4

HI,

I'm trying to match UK postcodes, using the pattern from http://interim.cabinetoffice.gov.uk/media/291370/bs7666-v2-0-xsd-PostCodeType.htm,

/^[A-Z]{1,2}[0-9R][0-9A-Z]? [0-9][A-Z-[CIKMOV]]{2}$/

I'm using this in PHP, but it doesn't match the valid postcode OL13 0EF. This postcode does match, however, when I remove the -[CIKMOV] character class subtraction.

I get the impression that I'm doing character class subtraction wrong in PHP. I'd be most grateful if anyone could correct my error.

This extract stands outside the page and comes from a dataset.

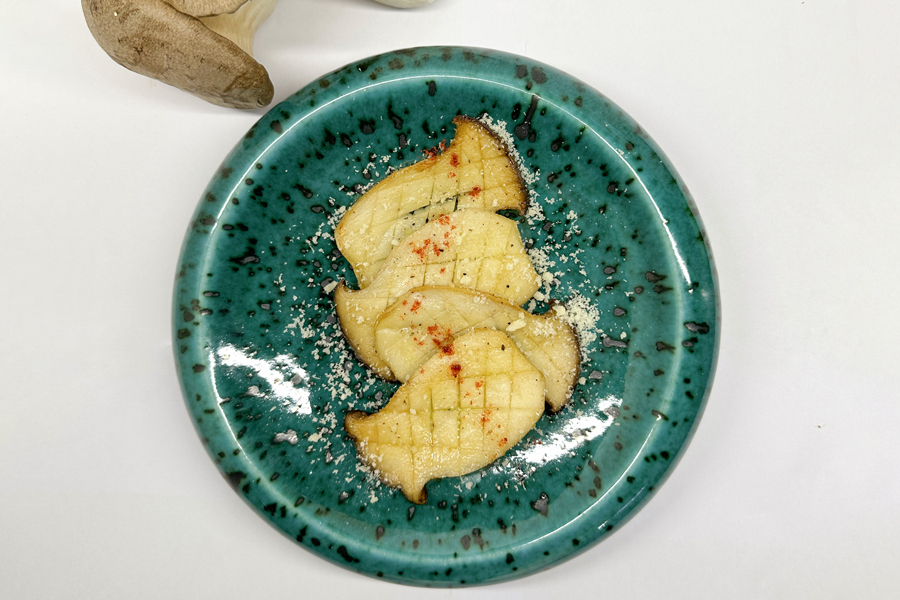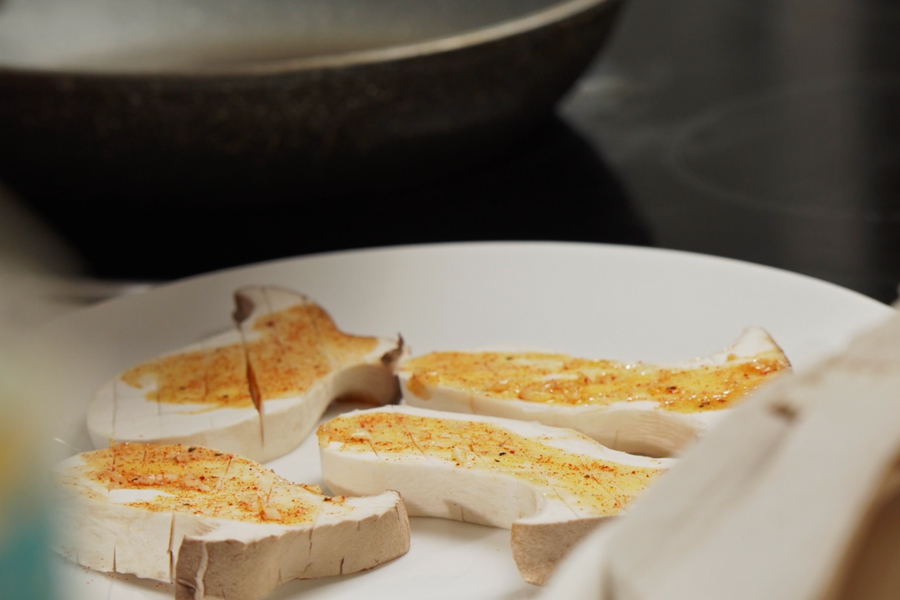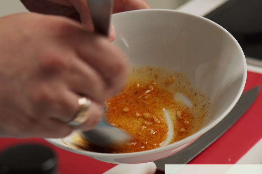 3. Змішуємо 1-2 ст. ложки оливкової олії, солі, перцю, 0,5 ч. ложки паприки та дрібно нарізаний зубчик часнику.

Thanks in advance for your help.

Ross

Ross McFarlane
  • 4,054
  • 4
  • 36
  • 52

4 Answers4

7

Most of the regex flavours do not support character class subtraction. Instead you could use look-ahead assertion:

/^[A-Z]{1,2}[0-9R][0-9A-Z]? [0-9](?!.?[CIKMOV])[A-Z]{2}$/
SilentGhost
  • 307,395
  • 66
  • 306
  • 293
  • I don't really get how this is "cleaner". It is the cooler solution, not doubt, but way more cryptic than the other solutions. – fresskoma Jan 24 '11 at 16:10
  • This is not a pure character class solution and its ambigous. Change the {2} to a {3} a year from now, then try to debug it. –  Jan 24 '11 at 20:21
  • you don't say. tomorrow they'll change to digit-only postcodes, and you'll have to *re-write* the regex altogether! – SilentGhost Jan 24 '11 at 20:29
5

If class subtraction is not supported, you should be able to use negative classes to achieve subtractions.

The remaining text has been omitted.